Categorize touchpoints by phase. Consumers typically go through several phases throughout the buyer’s journey. Similar to the above point which addresses the purpose of the interaction, you may choose to identify the touchpoints that consumers through which consumers may interact with your business during each phase of the journey, from awareness, to consideration, to evaluation, to decision or purchase, and finally to the post-purchase experience.
Screenshot via Hubspot.com
Note that there are multiple models of the buying process, so you may include additional phases in your model based on the nature of your buyers’ journey and the typical phases that you consider part of the process when mapping content and other marketing, sales, and service initiatives. For instance, a circular model developed by David Court, Dave Elzinga, Susan Mulder, and Ole Jørgen Vetvik, described in an article published at McKinsey & Company, illustrates a circular buying process that incorporates four phases:
- Initial Consideration
- Active Evaluation
- Selection/Moment of Purchase
- Post-Purchase Experience
This model includes a trigger which activates the loyalty loop, as illustrated by the graphic below:
Screenshot via McKinsey.com
Identify the business reason for the existence of each touchpoint. What business purpose does each touchpoint serve? For instance, you may rely on social media as a marketing channel that supports the awareness-building stage, but also utilize channels such as Twitter and Facebook to support customer service initiatives in the post-purchase phase. A single channel can facilitate multiple touchpoints serving distinct purposes at various phases of the buying process.
Establish ownership of each touchpoint. Don’t make the mistake of attributing ownership by channel. It might be easy to give ownership of your social media channels to marketing, but doing so doesn’t acknowledge the use of those channels in the post-purchase phase for customer support – that’s why it’s crucial to establish ownership by touchpoint, identifying the department, team, or individual responsible for managing the experience at each and every touchpoint.

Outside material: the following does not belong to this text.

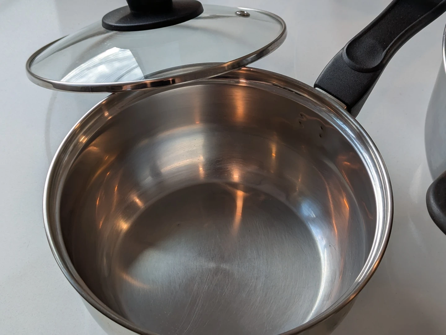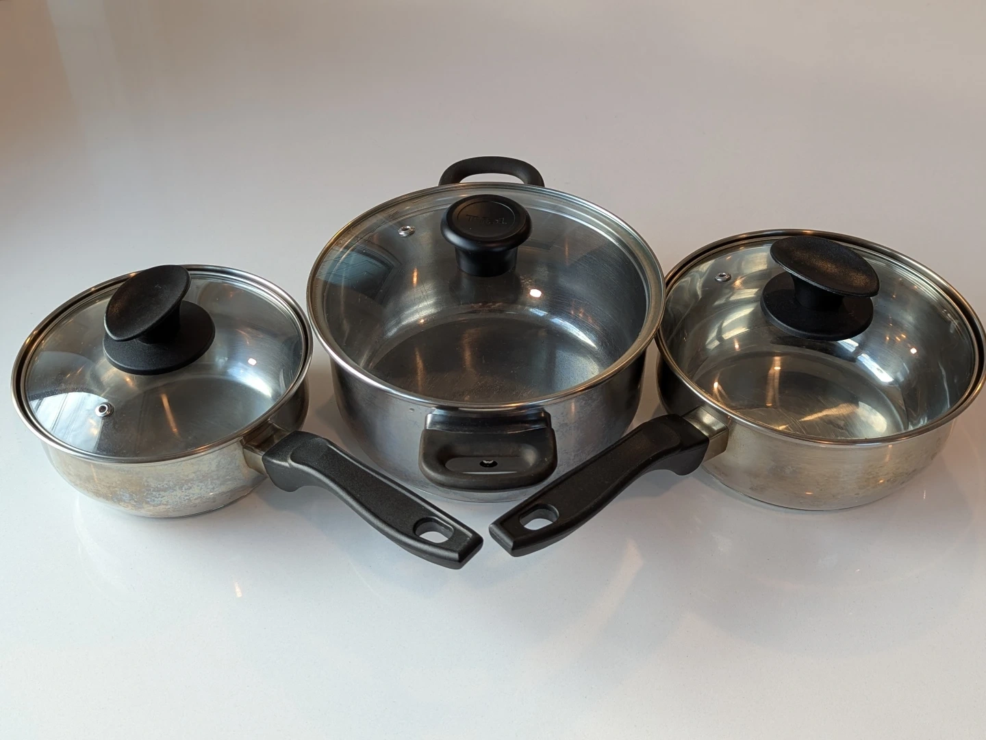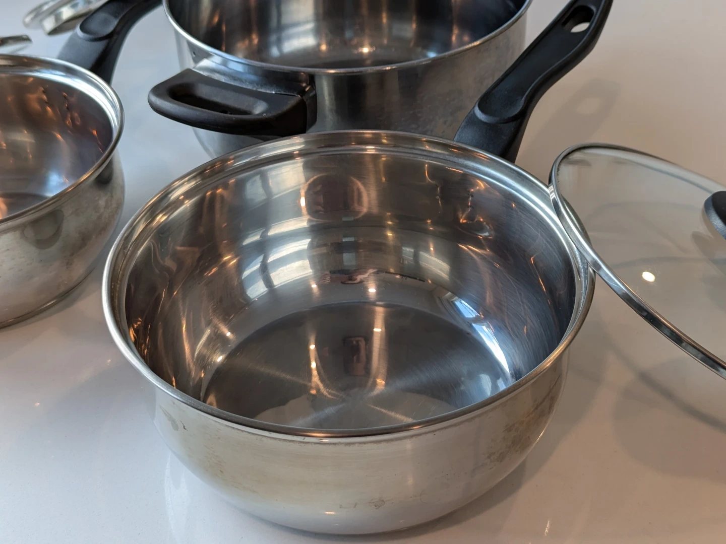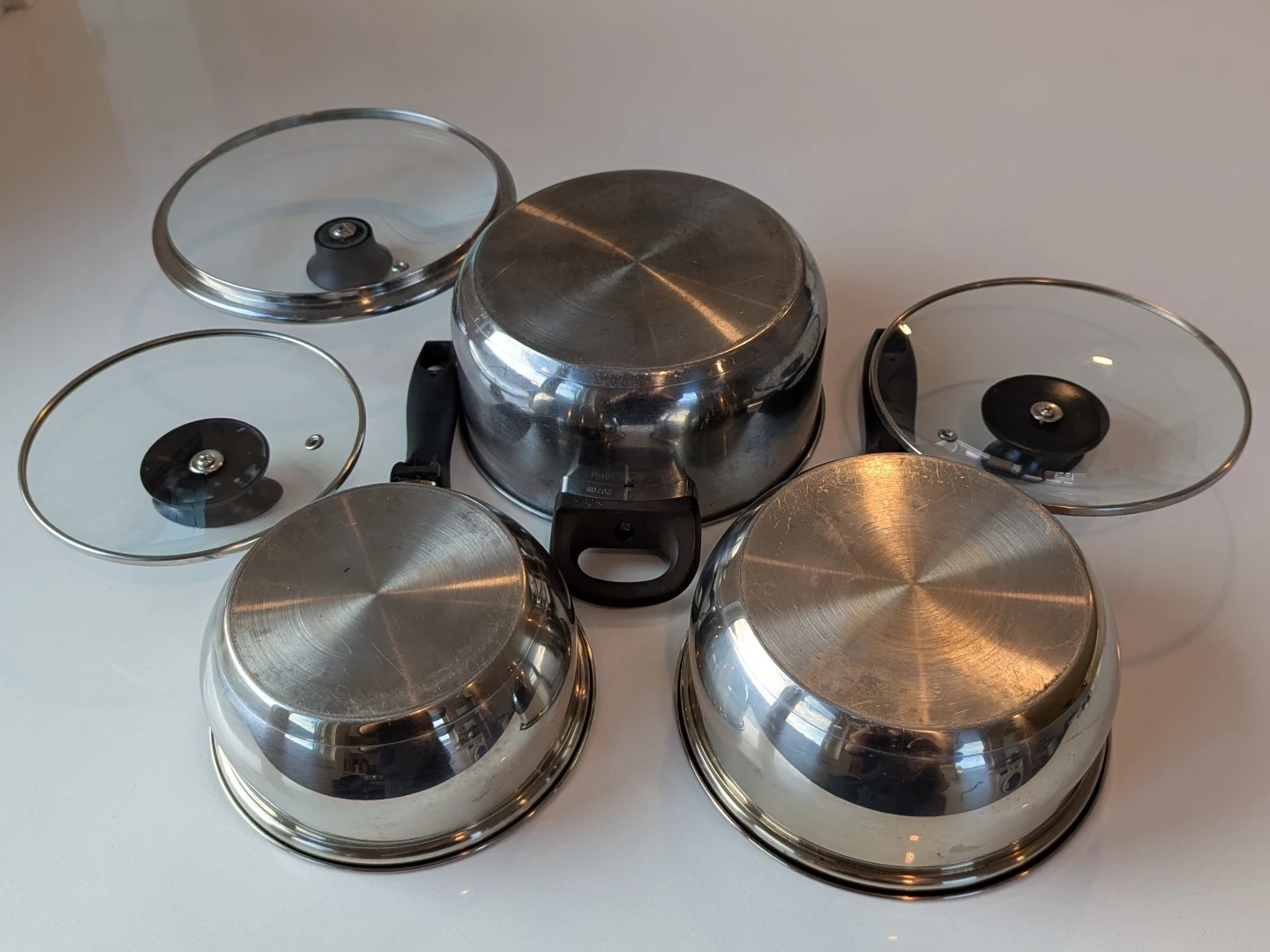 Selling a set of 3 used stainless steel pots. They're in good condition and ready for a new kitchen! Includes the original glass lids

Mine your data. There are various methods for obtaining feedback from employees and customers and a wealth of data sources for additional data that can (and should) be considered in creating a customer experience map including:
- One-on-one interviews
- Logs and analytics from call centers
- Web analytics
- Buyer personas
- Blog comments
- Product and service reviews (Amazon, Yelp, etc.)
- Social media (comments, reviews, etc.)
- Customer support communications (email, chat, etc.)
No matter what research and data mining methods you utilize, you’ll want to gather enough insights to establish the purpose of every touchpoint from your customers’ perspective and quantify the effectiveness of every touchpoint – and supplement these insights with objective data whenever possible.
Determine the purpose of each touchpoint from the customer perspective. In the eyes of your prospects and customers, what impact does each touchpoint have? Does it strengthen your competitive advantage by informing consumers of the benefits of your products or services over those of your biggest competitors? Does it encourage cross-selling, up-selling, or repeat purchases? Or perhaps it enforces and strengthens customer loyalty. It’s not enough to understand your company’s “why” behind each touchpoint; it’s imperative that you also understand the “why” from your customers’ perspective.
Quantify the effectiveness of each touchpoint. What do your customers expect from your company at each touchpoint, and are you meeting those expectations? Unmet needs can weaken the customer experience, so understanding precisely how your customers feel after every interaction is valuable insight that you don’t want to miss.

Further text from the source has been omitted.